Боясь пошевелиться, она негромко позвала мужа. Не дождавшись ответа, медленно отступила от окна, подошла к кровати, растолкала Петра Ивановича.
– Встань-ка, старик.
– В чем дело? – спросил он, не собираясь вставать с постели. Ему всегда стоило немалых трудов уснуть, и он был недоволен, что его разбудили. – Ложись-ка ты лучше спать, – сказал он и подвинулся к стенке.
– Кто-то на огороде.
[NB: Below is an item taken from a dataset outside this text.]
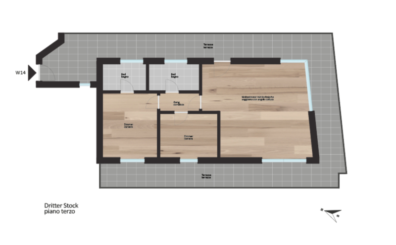 Diese Dreizimmerwohnung im 3.Obergeschoss verfügt über einen gemütlichen Wohnbereich mit Küchenzeile, zwei Schlafzimmer und zwei moderne Badezimmer. Die große Terrasse und die zwei Balkone laden dazu ein, den Ausblick und entspannte Momente zu genießen.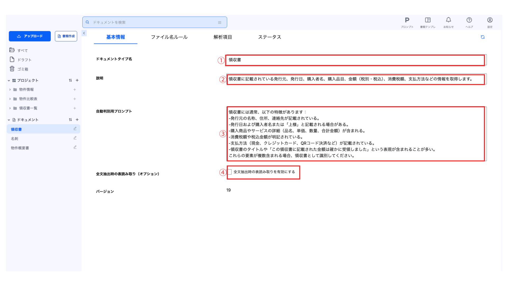 ドキュメントタイプの編集では「基本情報」「ファイル名ルール」「解析項目」「ステータス」の4つの項目を管理できます。

Встань посмотри.
Александра Васильевна вдоль стены подкралась к окну, взглянула на пригорок: человек стоял все на том же месте, а может, подошел чуть-чуть ближе. Не помня себя, она вернулась к Петру Ивановичу.
– Близко стоит.
Хрустнув коленями, он сел на край постели, громко зевнул, пытаясь в это время что-то сказать. Глянул вниз, отыскивая свои огромные тапочки, увидел, что Александра Васильевна стоит на полу босыми ногами.
– Ты что босиком ходишь? Где тапочки? – строго спросил Петр Иванович. Свои он уже надевал.
– Чего ты копаешься? – все так же шепотом торопила Александра Васильевна.
Он сказал жене лезть в постель и греть ноги, а сам, жалея, что ему перебили сон, пошел на кухню. Александра Васильевна шла за ним следом.
Он подошел к окну, наклонился, его лоб едва не касался стекла, и долго смотрел на пригорок, где, по словам жены, стоял человек. Там никого не было.
Петр Иванович приглядывался к каждой тени у ворот и забора, обследовал взглядом крыльцо и угол террасы, но ничего подозрительного не увидел. Александре Васильевне казалось: пока они стоят и смотрят, кто-то выставляет окно в большой комнате или стоит сбоку от окна на завалинке и ударит сейчас по стеклу…
Луна вырвалась из облаков, осветила темный закоулок и снова катилась своей дорогой – к сосновому лесу, темным островом стоявшему сразу за деревней.
Как будто сожалея, что ничего не удалось рассмотреть, Петр Иванович вздохнул, отошел от окна и сказал:
– Чудишь, старуха.
Все еще боясь громко говорить, Александра Васильевна вполголоса сказала:
– Стоял на тропинке.
– Кто?
– Человек.
Кажется, он поверил Александре Васильевне, и ей сделалось страшно. Она прошла впереди Петра Ивановича, села на стул возле кровати и уронила лежавший на краю стула портсигар, на крышке которого чьей-то искусной рукой был выгравирован орден Отечественной войны. На внутренней стороне крышки читались слова: «Девятого мая – День Победы». Орден пообтерся, но зато слова о победе казались вырезанными будто вчера.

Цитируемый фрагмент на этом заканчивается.